Member of the Nova Scotia House of Assembly for Antigonish County
- In office June 14, 1911 – November 19, 1911

Personal details
- Born: August 26, 1871 Tracadie, Nova Scotia
- Died: May 8, 1932 (aged 60)
- Party: Conservative

= Edward Lavin Girroir =

Canadian politician

Edward Lavin Girroir (August 26, 1871 - May 8, 1932) was a Canadian politician.

Born August 26 or 27, 1871 in Tracadie, Nova Scotia, he was the son of William Girroir and Anne (Lavin) Girroir. He had a twin brother, Hubert, who died one month after their birth, on September 25, 1871.

Girroir was educated at Saint Francis Xavier College and Dalhousie University. He was a Halifax lawyer, and also lectured on international law at Saint Francis Xavier University in Antigonish, Nova Scotia. In 1902, he married Lauretta Maude Corbin; she died in 1909. Senator Girroir and Mrs. Girroir (née Corbin) had at least one son, Edward Lavin, Jr., born February 10, 1907.
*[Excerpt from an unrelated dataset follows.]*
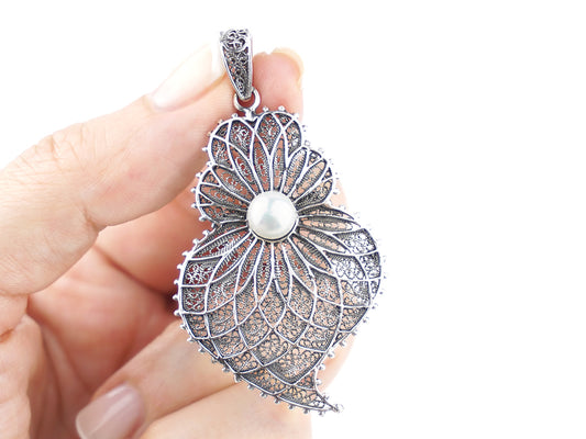 Medalha Coração com Pérola, Filigrana Portuguesa, Prata de Lei 925
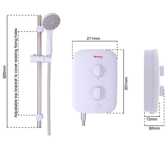 Add sheer simplicity to any shower space both modern and traditional with the Redring Pure 7.5kW Instantaneous Electric Shower. The electric shower kit ensures ease of use both when turning it on and when adjusting the temperature of the water with excellent precision. It enables instant water heating and comes out of the single-mode showerhead with the perfect level of pressure. It sits on a 600-millimetre-tall shower riser, while the electric unit box measures a size of 211 millimetres in width by 92 millimetres in depth by 301 millimetres in height.

In 1900, 1905 and 1908, Girroir ran unsuccessfully for the House of Commons of Canada as a Conservative candidate in the federal riding of Antigonish.

In 1911, he was elected to the Nova Scotia House of Assembly as a Liberal-Conservative representing the provincial riding of Antigonish.

Girroir was appointed to the Senate of Canada on November 20, 1912, as a Conservative representing the senatorial division of Antigonish. He was the second Acadian senator from Nova Scotia. He died in office on May 8, 1932.